Alex Brunner (born 8 December 1973) is an Italian former footballer who played as a goalkeeper. He currently works as a goalkeeping coach.

Football career

Early career
Brunner started his career at hometown club Triestina. After the club were relegated to Series C1 in the summer of 1991, Brunner gained his place in first team, making 5 appearances for the club in two Series C1 seasons. In the summer of 1993, he moved to Formia of Series C2, where he first became a regular.

Foggia & Bologna
Brunner joined U.S. Foggia of Serie A in 1994, starting his career as a backup keeper for several Serie A clubs. In his first season with the team, he just made 2 appearances, as second goalkeeper behind Francesco Mancini, but after the club suffered relegation, he became regular once again.
In summer 1996, Brunner joined newly promoted Serie A team Bologna. He spent 3 seasons at the Emilia-Romagna club, and made 6 appearances in Series A, as second goalkeeper behind Francesco Antonioli.

Como
He transferred to Como in June 1999, where he spent 4 seasons.
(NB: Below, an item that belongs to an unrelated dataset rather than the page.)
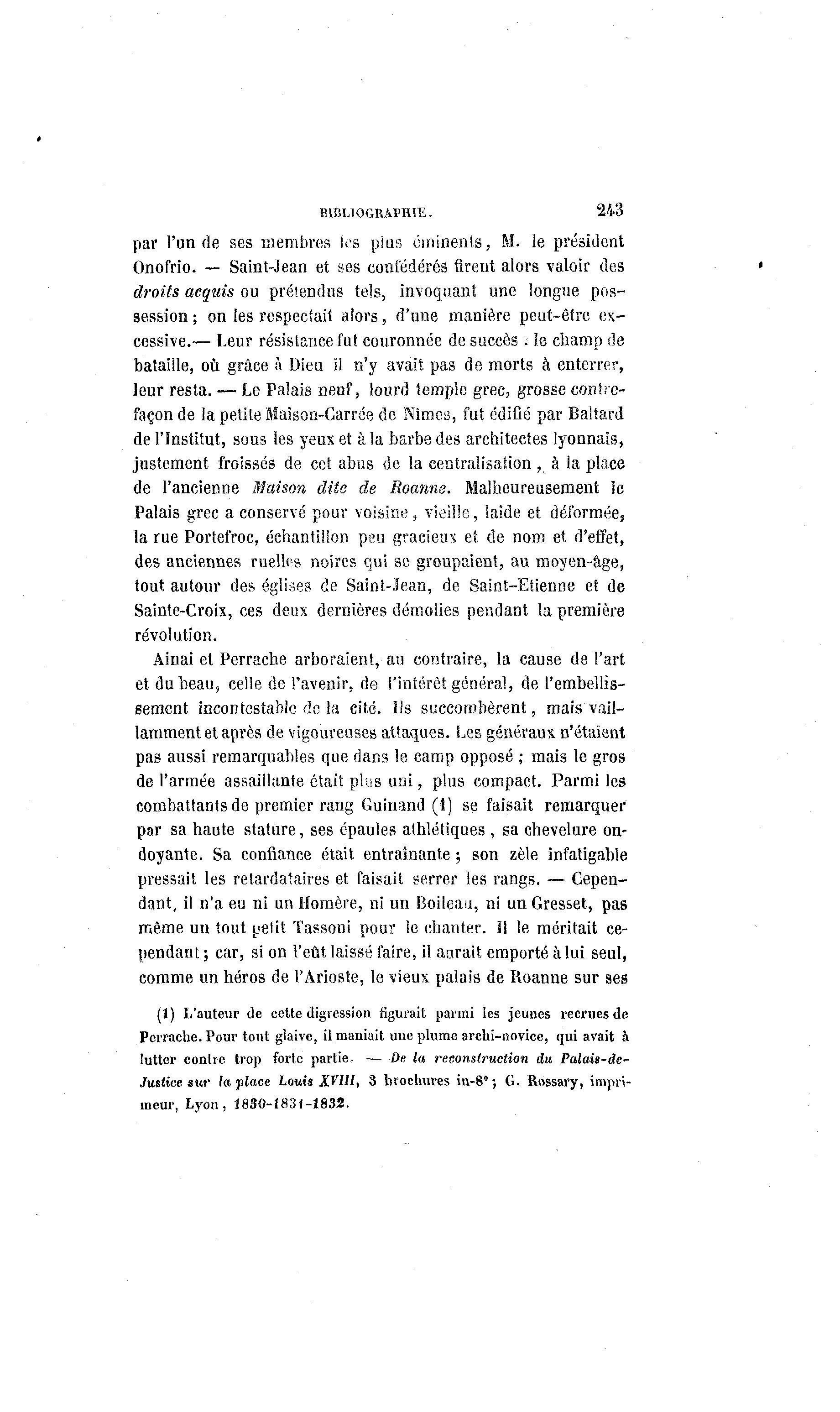 de l'ancienne Maison dite de Roanne. Malheureusement le

In his first season with the club, Como just finished 10th in Serie C1, but in the second and third seasons, he helped the team to obtain consecutive promotions to Serie B and subsequently Serie A, which was also aided by the signing of new club president Enrico Preziosi. In the 2002–03 Serie A season, he competed with experienced Fabrizio Ferron for a starting spot, but still made 21 appearances for Como.

Return to Series B
After Como finished bottom of the table and suffered relegation to Serie B, Brunner transferred to Ternana of Serie B, replacing Sergio Marcon and Gianmatteo Mareggini, who had finished their contract with the club. Brunner played ahead of Tommaso Berni as the club's first choice keeper, and Ternana finished 7th that season.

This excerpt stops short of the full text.